Claims relating to nuclear exposure and fallout are “ongoing” between the U.S. and the Marshall Islands, as health impacts and aftereffects linger on.
The Marshalls and Modernity
In the Marshalls, it has generally been difficult to ensure access to fresh water. When I was in the Marshalls in the 1970s and ’80s, the ‘water hours’ were one hour in late morning and one hour in late afternoon. (Still, water containers were frequently dry within the time slots.) But this has changed, mercifully, with new approaches and technologies: rainwater is collected and treated, “skim wells” supplement this supply, and – more expensively – sea water can be evaporated to remove the salt.
On another front, the Marshalls are experimenting with coconut oil as an alternative to diesel fuel for vehicles, power generators, and ships.
The Marshall Islands have also participated in One Young World, a global youth leadership summit focused on social impact.
The Islanders are busy and productive.

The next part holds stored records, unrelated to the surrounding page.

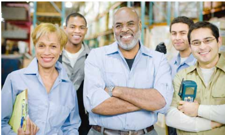
To make the grade as one of Canada's Top 100 Employers, companies must offer attractive compensation and benefits, plus other popular perks.

Employers who make the Top 100 have to be competitive across all areas of compensation and benefits, Yerema says, and they must show the kind of corporate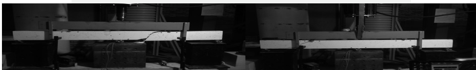
Fig. 2. Shear failure of the beams

The crack patterns for the RC and BFRC beams were distinctly different. While the RC beams without transverse reinforcement exhibited a single inclined crack followed by a brittle shear failure, all BFRC beams showed at least two diagonal cracks. The presence of fibers, however, allowed the development of multiple diagonal cracks and the widening of at least one of them prior to a shear failure, which provided some warning about the imminence of failure. Even for these beams the failure was rather sudden.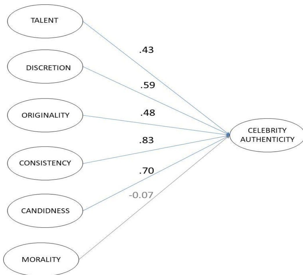
Figure 2: Structural model results

Notes for the model: Chi-square=509.537, df=127, Cmin/df=4.00 p < 0.001 , CFI=0.933 TLI=0.92 RMSEA=0.078 (0.071; 0.085), ML, standardized results

There’s only one catch …
Reality Bites
Describing the cultural skills of the locals as “legendary,” National Geographic offered a gloomy outlook:
For thousands of years, the Marshallese have embraced their watery environment, building a culture on more than 1,200 islands scattered across 750,000 square miles of ocean.
But powerful tropical cyclones, damaged reefs and fisheries, worsening droughts, and sea-level rise threaten the coral reef atolls of this large ocean state, forcing the Marshallese to navigate a new reality.
In a moment of reckoning, Marshall Islanders face a stark choice: relocate or elevate. […] With 600 billion tons of melting ice flowing into oceans that are absorbing heat twice as fast as 18 years ago, the Marshallese will need to move fast.[2]
The islanders are well aware of the need to act expeditiously. Marshall Islands President Hilda Heine told National Geographic that the community has put its focus “on climate change mitigation” but adds that there is “a need for a greater emphasis on adaptation, including the consideration of building higher ground.”
And the next stage?
Looking back 40+ years, I see that few things have changed, except for most everything. The potential loss of Majuro island poses immediate challenges for almost 30,000 residents – and in all likelihood the difficulties are only going to increase over time. Meanwhile, the Marshall Islands residents are working to improve water and food security, climate-proof local infrastructure, and fortify their shorelines “to keep our heads above water.”
I feel certain we could all learn a lot from the Marshallese, not just in terms of their appreciation for the beauty of the region’s islands and atolls, which they are doing their best to safeguard, but also with regard to their proactive, energetic stance in tackling – mitigating and surviving – the effects of climate change.
Sources and Further Reading
1. National Geographic: “Rising Seas Give Island Nation A Stark Choice: Relocate Or Elevate,” by Jon Letman (November, 2018)
2. Iraq: Silent Death, ed. Christian P. Scherrer (Penerbit USM, 2010).